CHICAGO (CBS) -- The frigid weather, the financial toll of a pandemic, and overstrained homeless shelters. Homeless advocates say that combination is causing even more disorder for people struggling with homelessness.

CBS 2 Morning Insider Tim McNicholas shows us how that challenge is affecting the CTA.

Tim: What are some of the things you've seen on the train?

CTA Rider: It's easier to say what I haven't seen.

This is a CTA rider who won't show his face or share his full name.

"Safety has declined on the trains and I just want to try to be anonymous as possible."

But he will share the photos he took this month of people sleeping on the train next to garbage and beer cans -- some blocking multiple seats, many of them maskless and likely in need of mental health services.

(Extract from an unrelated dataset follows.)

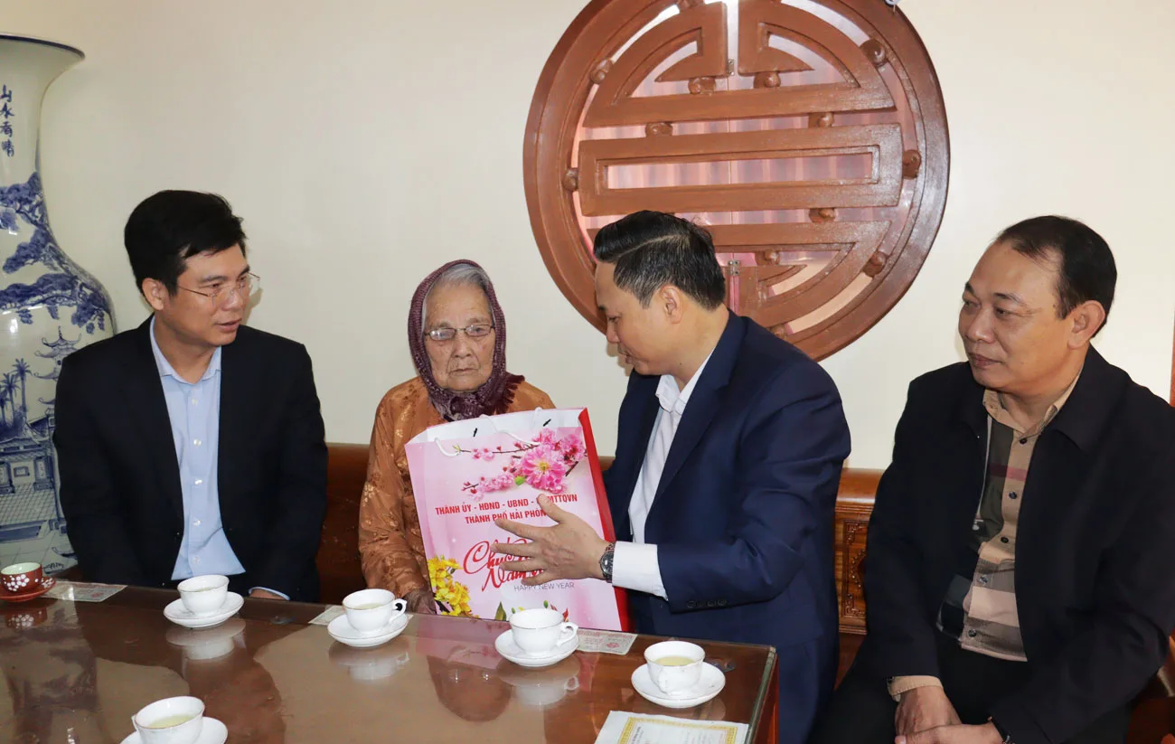 Đồng chí Đặng Bá Cường, Trưởng Ban Nội chính Thành ủy đến thăm, tặng quà, chúc Tết các Mẹ Việt Nam anh hùng: Nguyễn Thị Hiều, sinh năm 1927, tại xã Tú Sơn, huyện Kiến Thụy; Cao Thị Mó, sinh năm 1929, tại Tổ dân phố Trung Quý, phường Bàng La, quận Đồ Sơn; Đỗ Thị Chuyết, sinh năm 1921, tại Tổ dân phố Trung Nghĩa 1, phường Hợp Đức, quận Đồ Sơn.

"I realize they can't stop the homeless from riding, I realize they can't make everyone wear a mask but I just wanna be able to ride a train that isn't filled with tobacco smoke and filled with garbage and have people that are fighting on it."

He is far from the only one who has complained to us about those issues during the pandemic.

So, we wanted to find out why we keep hearing about it.

"You could make an educated guess that homelessness has been increasing across the United States."

Burke Patten with the nonprofit The Night Ministry says the pandemic not only took a financial toll on Americans but also forced shelters to limit their capacity.

"So the unhoused members of our community, they're looking for other places such as the train," Patten said.

The Night Ministry sets up twice a week on the Blue and Red Lines to connect with homeless people and try to get them into shelters. They also provide masks, clothing, and personal hygiene supplies.

Patten says Thursday night, the nonprofit saw 150 homeless people over the course of four hours working the Blue Line.

"150 is at the high range of what we would see normally on an evening," he said, "In addition, you have unhoused members of our community who do not wanna go into a shelter specifically because they have fear of contracting coronavirus in a congregant living facility."

The CTA says they also partner with multiple other groups to address homelessness.

As for that customer.

"It's more about the CTA's service than it is about the homeless people that are riding it."

He wants the CTA to step up their cleaning, so he doesn't see this on the morning commute.

The CTA says they clean their trains at the end of the run, but with so many people moving on and off they can't get to everything right away.

They also say they get fewer than 20 complaints per month about cleanliness.